By Jim Morris
The irony wasn’t lost on Mike Walker.
During his eight years as a defensive end with the Hamilton Tiger-Cats Walker played in some epic battles against with the Toronto Argonauts. The teams were arch-rivals and while there was respect between the two organizations, little love was lost.
Then in 2009 Walker joined the Argo’s coaching staff as a defensive consultant.
“Oh man, that was really tough going in there,” Walker said with a laugh. “I walked in there and I was like ‘gee, I can’t believe I’m in an Argo locker room.’ It took me about a week to overcome that. That was really tough.”
Walker never shied away from a battle, either on the field or off. His contributions to the CFL are being recognized by being named as one of this year’s inductees into the Canadian Football Hall of Fame.
“Man, 30 years just went away so fast,” said Walker, 62. “It just brought back memories. It just all comes back to you like yesterday. I felt myself in the locker room getting ready to play.
“It brought back great memories.”
Walker was born in Indianapolis and played college football at Washington State. He played 10 years in the CFL, with his final two seasons in Edmonton. He appeared in four Grey Cups and was part of Hamilton’s 1986 championship team.
A three-time CFL All-Star, Walker registered 95.5 sacks, leaving him 14th all time. His career high for sacks was 21 in 1986.
In 135 games played Walker had 149 tackles, nine fumble recoveries and two interceptions.

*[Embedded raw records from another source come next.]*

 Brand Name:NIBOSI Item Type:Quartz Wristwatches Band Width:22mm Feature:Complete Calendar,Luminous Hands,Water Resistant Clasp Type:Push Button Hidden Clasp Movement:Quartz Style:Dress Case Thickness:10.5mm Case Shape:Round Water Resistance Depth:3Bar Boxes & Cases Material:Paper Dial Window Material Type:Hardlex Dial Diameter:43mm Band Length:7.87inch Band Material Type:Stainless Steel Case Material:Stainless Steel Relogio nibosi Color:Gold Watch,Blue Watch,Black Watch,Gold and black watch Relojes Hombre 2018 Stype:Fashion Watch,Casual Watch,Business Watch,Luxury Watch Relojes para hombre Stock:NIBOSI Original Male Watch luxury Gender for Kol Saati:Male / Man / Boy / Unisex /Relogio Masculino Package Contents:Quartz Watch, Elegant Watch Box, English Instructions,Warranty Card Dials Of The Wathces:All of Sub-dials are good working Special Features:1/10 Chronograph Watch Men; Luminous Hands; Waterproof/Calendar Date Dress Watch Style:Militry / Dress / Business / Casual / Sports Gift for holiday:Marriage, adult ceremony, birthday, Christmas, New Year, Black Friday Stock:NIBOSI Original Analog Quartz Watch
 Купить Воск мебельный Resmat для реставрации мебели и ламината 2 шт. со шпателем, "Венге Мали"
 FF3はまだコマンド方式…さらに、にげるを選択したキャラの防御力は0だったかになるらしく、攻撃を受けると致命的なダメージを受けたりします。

Walker joined the Tiger-Cats in 1982 and quickly learned the team Hamilton loved to hate was just 70 kilometres away. Even if the Tiger-Cats won just four games in a season, it was a success if those wins were against Toronto.
“We’d play those guys four times a season sometime,” he said. “They were battles. Those were for real. During the playoffs, it was always cold.
“You remember those games more than all the other games. Playing Montreal and Ottawa just was not like the Toronto-Hamilton series. It was different.”
Walker went head-to-head against Argo offensive linemen like Dan Ferrone and Chris Schultz, who recently died of a heart attack.
“Chris played hard, but he would pick you up off the ground,” he said. “What a quality person.”
In Walker’s first season in Hamilton Tom Clements was quarterback.
“I was wow, I’m on the same team as Tom Clements,” he said. “When I grew up in Indiana, I followed Notre Dame and Tommy was the guy.”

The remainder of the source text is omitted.